_MATERIAL SUPPLIED_:
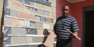 Ndegwa Muriithi displays tiles at his company, Stone Centre at Kiganjo, Nyeri County. PHOTO |JOSEPH KANYI
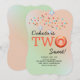 Convite de aniversário com rosquinhas doces e balas coloridas de nonpareils e estrelas brilhantes. O fundo é gradiente
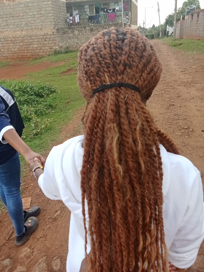 The image captures two individuals holding hands on a reddish-brown dirt path in Nyeri, Kenya. The primary subject is viewed from behind, featuring long, reddish-brown twisted dreadlocks or braids secured with a black hair tie, and wearing a white long-sleeved top. Their left wrist displays multiple beaded bracelets. To the left, a second person is partially visible, wearing a dark blue and white top, blue jeans, and black closed-toe shoes. This individual's right hand interlocks with the first person's left hand. The path is bordered by green vegetation and scattered stones. In the background, a two-story building constructed from light-colored stone or brick is visible, featuring a second-floor balcony with various items of clothing hanging to dry. The dirt path extends into the distance, lined with further vegetation, utility poles, and distant structures, including a dark water tank visible on a rooftop to the far right.
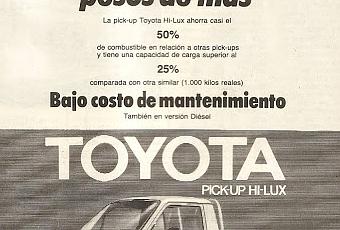 La vieja publicidad nos trae la imagen de una camioneta Toyota Hi-Lux, la primera que conocimos en Argentina. Tal vez una camioneta bisagra dentro el mercado interno. La acompañaron otras marcas niponas y fue todo un descubrimiento en materia de utilitarios.
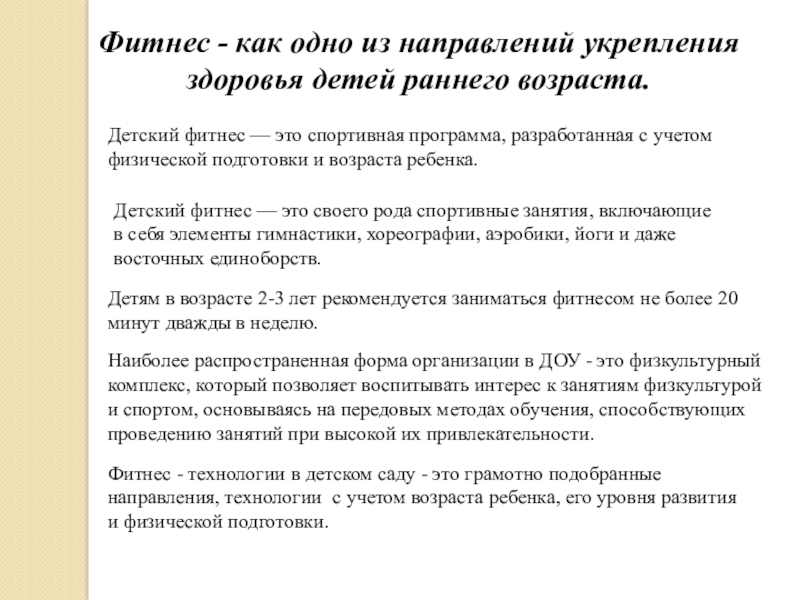 Фитнес - технологии в детском саду - это грамотно подобранные направления, технологии с учетом возраста ребенка, его уровня развития и физической подготовки.
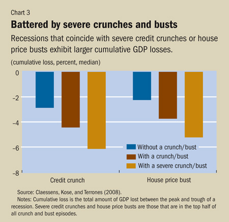 If they were not followed by recessions, the episodes of crunches and busts were not necessarily associated with declines in output. In fact, although output growth slowed—especially during the early stages of credit crunches and house price busts—it often expanded at the end of these episodes. The eventual increase in output during crunches and busts is not surprising, because these episodes did not always fully overlap with recessions and lasted twice as long as the recessions. Still, the average growth rate of output during crunches and busts was much lower than during more tranquil periods in credit and housing markets. Both credit crunches and house price busts were, however, associated with significant declines in investment. Credit crunches tended to coincide with a decline in residential investment of about 6 percent, whereas house price busts were accompanied by about twice as large a drop. The unemployment rate increased significantly, especially during the early stages of these episodes, as economic activity started to soften. Cycles move in step across countries Just as many countries experience synchronized recessions, countries also go through simultaneous episodes of credit contraction. Moreover, declines in house and equity prices tend to occur at the same time. For example, house price declines are highly synchronized across countries—reflecting the importance of global financial factors, including common movements in national interest rates, in driving house price fluctuations. Equity prices exhibit the highest degree of synchronization, likely because of the high financial integration of equity markets. But the number of countries experiencing bear equity markets frequently exceeds the number experiencing a recession. As the popular saying goes, "Wall Street has predicted nine of the last five recessions." Double whammy Many recessions were indeed associated with credit crunches or asset price busts. In one out of six recessions, there was also a credit crunch under way, and in one out of four recessions a house price bust. Equity price busts overlapped for one-third of recession episodes. There can also be considerable lags between financial market disturbances and real activity. A recession, if one occurs, can start as late as four to five quarters after the onset of a credit crunch or housing bust. One of the key questions surrounding the current financial crisis is whether recessions associated with crunches and busts are worse than other recessions. Here, the international evidence is clear: these types of recessions are not only longer, but also are associated with much greater output losses than others. In particular, although recessions accompanied by severe credit crunches or house price busts last only three months longer on average, they typically result in output losses two to three times greater than recessions without such financial stresses (see Chart 3).

_WHAT YOU ARE ASKED TO DO_:
Please, without any of the pictures, set down exactly the lines from the beginning of the listing to the line that contains "La vieja publicidad", inclusive.

_RESULT OF THIS EXERCISE_:
 Ndegwa Muriithi displays tiles at his company, Stone Centre at Kiganjo, Nyeri County. PHOTO |JOSEPH KANYI
 Convite de aniversário com rosquinhas doces e balas coloridas de nonpareils e estrelas brilhantes. O fundo é gradiente
 The image captures two individuals holding hands on a reddish-brown dirt path in Nyeri, Kenya. The primary subject is viewed from behind, featuring long, reddish-brown twisted dreadlocks or braids secured with a black hair tie, and wearing a white long-sleeved top. Their left wrist displays multiple beaded bracelets. To the left, a second person is partially visible, wearing a dark blue and white top, blue jeans, and black closed-toe shoes. This individual's right hand interlocks with the first person's left hand. The path is bordered by green vegetation and scattered stones. In the background, a two-story building constructed from light-colored stone or brick is visible, featuring a second-floor balcony with various items of clothing hanging to dry. The dirt path extends into the distance, lined with further vegetation, utility poles, and distant structures, including a dark water tank visible on a rooftop to the far right.
 La vieja publicidad nos trae la imagen de una camioneta Toyota Hi-Lux, la primera que conocimos en Argentina. Tal vez una camioneta bisagra dentro el mercado interno. La acompañaron otras marcas niponas y fue todo un descubrimiento en materia de utilitarios.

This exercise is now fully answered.